Chen Z W, Shen L, Miller M D, Ghim S H, Hughes A L, Letvin N L
Harvard Medical School, New England Regional Primate Research Center, Southborough, MA 01772.
J Immunol. 1992 Dec 15;149(12):4060-6.
Studies to date assessing HIV escape from CTL in vivo have yielded conflicting results. Previous studies have demonstrated that simian immunodeficiency virus of macaques (SIVmac)-infected rhesus monkeys expressing the MHC class I allele Mamu-A01 reproducibly develop a gag-specific CTL response limited to a 9-amino acid epitope of the SIVmac gag protein (residues 182-190 within peptide 11C). To determine whether CTL have a role in selecting for AIDS virus mutants, we examined mutations in SIVmac proviral DNA encoding this gag CTL epitope in PBL of infected rhesus monkeys. Three Mamu-A01+ rhesus monkeys were infected with SIVmac and assessed for gag- and peptide 11C-specific CTL responses. This specific CTL response was maintained in two monkeys, but lost in the third animal 2 yr after infection. The generation of proviral gag mutations was then determined by sequencing 500-bp proviral fragments amplified from fresh PBL obtained from the monkeys more than 2.5 yr after infection. Although numerous point mutations were characterized in 131 polymerase chain reaction-generated clones of SIVmac gag, only four mutations within the gag CTL epitope-coding region of the genome were identified. Comparison of synonymous and nonsynonymous nucleotide substitutions in the regions encoding peptide 11C (p11C) and the flanking gag protein indicated a lack of selective pressure for viral mutations in the CTL epitope coding region. Interestingly, a predominant gag mutant encoding a single amino acid change in p11C was found in a monkey which lost its CTL activity. However, even in this setting there was no evidence for selection of mutations in the CTL epitope coding region when compared with the flanking region. Furthermore, synthetic peptides corresponding to all naturally occurring variants in the gag epitope-coding region were recognized by cloned and bulk cultured effector cells of the infected monkeys with persistent CTL. These results indicate that SIVmac gag- and p11C-specific CTL do not select for mutations in the immunodominant epitope-coding region and that the naturally occurring mutants do not appear to escape CTL recognition.

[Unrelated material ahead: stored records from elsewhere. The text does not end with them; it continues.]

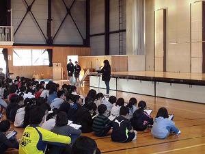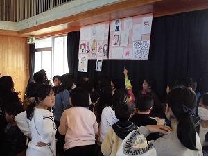 12月13日(金)に、4年2組では以前に学級会での話し合いで決まった「えんげき会しよう」の実践が行われました。話し合いで決まった内容や約束をもとに、児童が準備し、児童の運営で行われました。2学期の出来事や季節にちなんだ3つの劇が披露され、児童は一生懸命に演技したり参観をしていました。
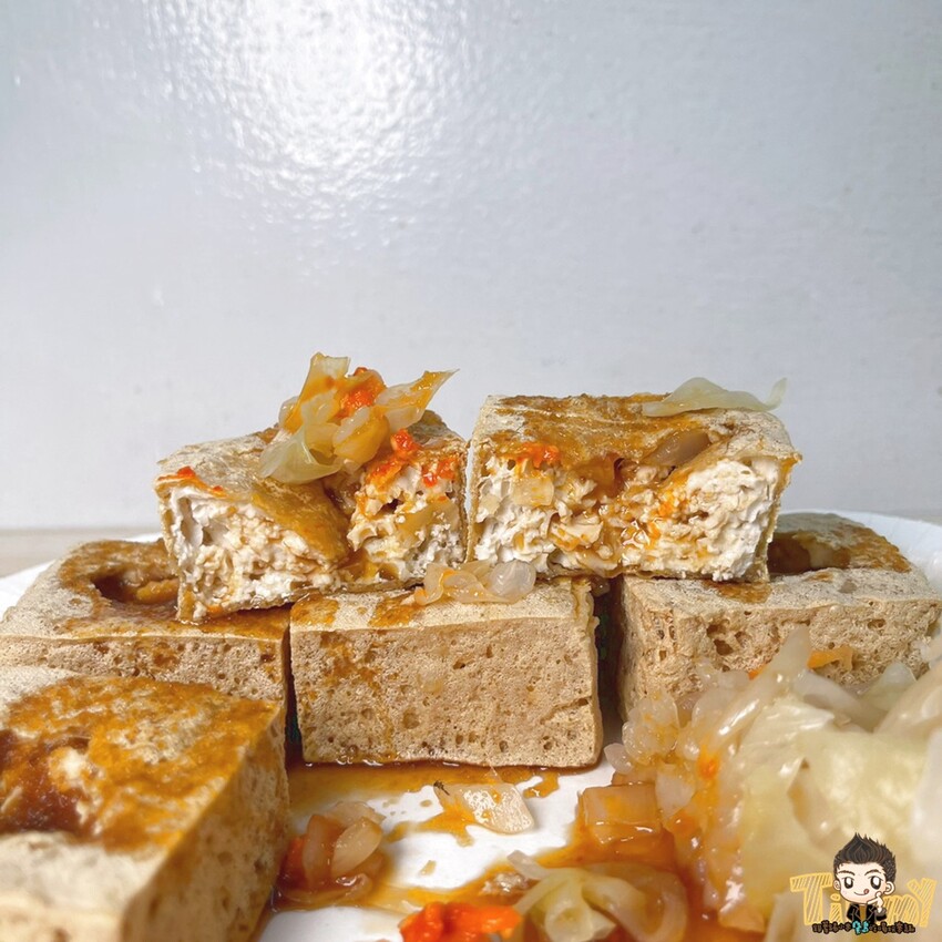 首先將臭豆腐以低溫炸熟,再以高溫將外皮炸酥,還能保留內裡有汁的口感
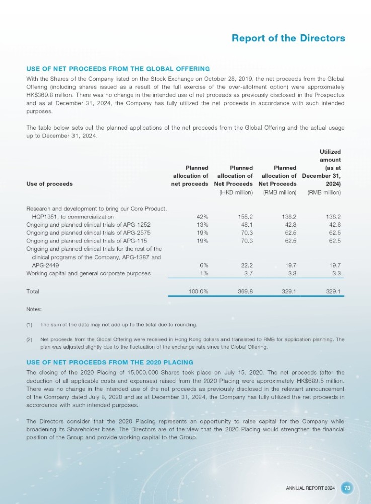ANNUAL REPORT 2024 73 Report of the Directors USE OF NET PROCEEDS FROM THE GLOBAL OFFERING With the Shares of the Company listed on the Stock Exchange on October 28 , 2019 , the net proceeds from the Global Offering (including shares issued as a result of the full exercise of the over - allotment option) were approximately HK $ 369 . 8 million . There was no change in the intended use of net proceeds as previously disclosed in the Prospectus and as at December 31 , 2024 , the Company has fully utilized the net proceeds in accordance with such intended purposes . The table below sets out the planned applications of the net proceeds from the Global Offering and the actual usage up to December 31 , 2024 . Utilized amount (as at December 31, 2024) Planned allocation of Net Proceeds Planned allocation of Net Proceeds Planned allocation of net proceeds Use of proceeds (RMB million) (RMB million) (HKD million) Research and development to bring our Core Product, 138.2 138.2 155.2 42% HQP1351, to commercialization 42.8 42.8 48.1 13% Ongoing and planned clinical trials of APG - 1252 62.5 62.5 70.3 19% Ongoing and planned clinical trials of APG - 2575 62.5 62.5 70.3 19% Ongoing and planned clinical trials of APG - 115 Ongoing and planned clinical trials for the rest of the clinical programs of the Company, APG - 1387 and 19.7 19.7 22.2 6% APG - 2449 3.3 3.3 3.7 1% Working capital and general corporate purposes 329.1 329.1 369.8 100.0% Total Notes: (1) The sum of the data may not add up to the total due to rounding. (2) Net proceeds from the Global Offering were received in Hong Kong dollars and translated to RMB for application planning. The plan was adjusted slightly due to the fluctuation of the exchange rate since the Global Offering. USE OF NET PROCEEDS FROM THE 2020 PLACING The closing of the 2020 Placing of 15 , 000 , 000 Shares took place on July 15 , 2020 . The net proceeds (after the deduction of all applicable costs and expenses) raised from the 2020 Placing were approximately HK $ 689 . 5 million . There was no change in the intended use of the net proceeds as previously disclosed in the relevant announcement of the Company dated July 8 , 2020 and as at December 31 , 2024 , the Company has fully utilized the net proceeds in accordance with such intended purposes . The Directors consider that the 2020 Placing represents an opportunity to raise capital for the Company while broadening its Shareholder base . The Directors are of the view that the 2020 Placing would strengthen the financial position of the Group and provide working capital to the Group .
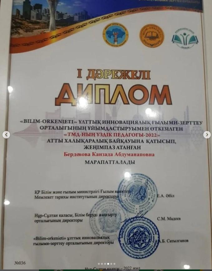 "BILIM ORKENIETI" ұлттық инновациялық ғылыми-зерттеу орталығының ұйымдастырылуымен өткізілген "ТМД-ның Үздік педагогі-2022" атты халықаралық байқауына қатысып, жеңімпаз атанған қазақ тілі мен қазақ әдебиеті мұғалімі К.Берденова ҚР Білім және Ғылым министрлігі Ғылым комитет Мемлекет тарихы институтының І дәрежелі дипломымен Нұр-Сұлтан қаласында марапатталды. Ұстазымызды жеңісімен құттықтаймыз????
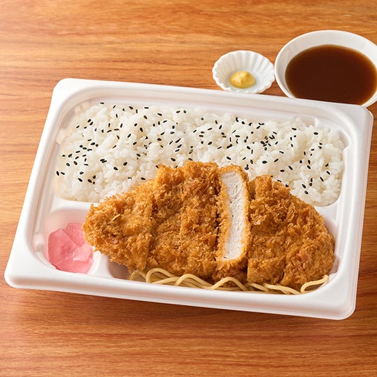【内容】通常よりも揚げる温度を低くし、時間をかけて調理することで、やわらかく肉本来の旨味が味わえる仕立てのとんかつ弁当です。ソースは野菜や果物などの甘みに、ほどよい酸味とスパイス感を効かせたオリジナルのソースです。

迄今为止,评估体内HIV从细胞毒性T淋巴细胞(CTL)逃逸的研究得出了相互矛盾的结果。先前的研究表明,感染了猕猴猿免疫缺陷病毒(SIVmac)且表达MHC I类等位基因Mamu - A01的恒河猴,可重复性地产生针对SIVmac gag蛋白一个9个氨基酸表位(肽段11C内的182 - 190位氨基酸)的gag特异性CTL反应。为了确定CTL在选择艾滋病病毒突变体方面是否起作用,我们检测了感染的恒河猴外周血淋巴细胞(PBL)中编码该gag CTL表位的SIVmac前病毒DNA的突变情况。三只Mamu - A01 + 恒河猴感染了SIVmac,并评估其针对gag和肽段11C的特异性CTL反应。这种特异性CTL反应在两只猴子中得以维持,但在第三只动物感染2年后丧失。然后通过对从感染超过2.5年的猴子新鲜PBL中扩增的500 bp前病毒片段进行测序,确定前病毒gag突变的产生情况。虽然在131个通过聚合酶链反应产生的SIVmac gag克隆中鉴定出了许多点突变,但在基因组的gag CTL表位编码区域仅发现了四个突变。对编码肽段11C(p11C)及其侧翼gag蛋白区域的同义核苷酸替换和非同义核苷酸替换的比较表明,CTL表位编码区域的病毒突变缺乏选择压力。有趣的是,在一只丧失CTL活性的猴子中发现了一种主要的gag突变体,其在p11C中编码单个氨基酸变化。然而,即便在这种情况下,与侧翼区域相比,也没有证据表明在CTL表位编码区域选择了突变。此外,来自具有持续CTL的感染猴子的克隆及大量培养效应细胞可识别与gag表位编码区域中所有天然存在变体相对应的合成肽。这些结果表明,SIVmac gag和p11C特异性CTL不会选择免疫显性表位编码区域中的突变,并且天然存在的突变体似乎不会逃避CTL识别。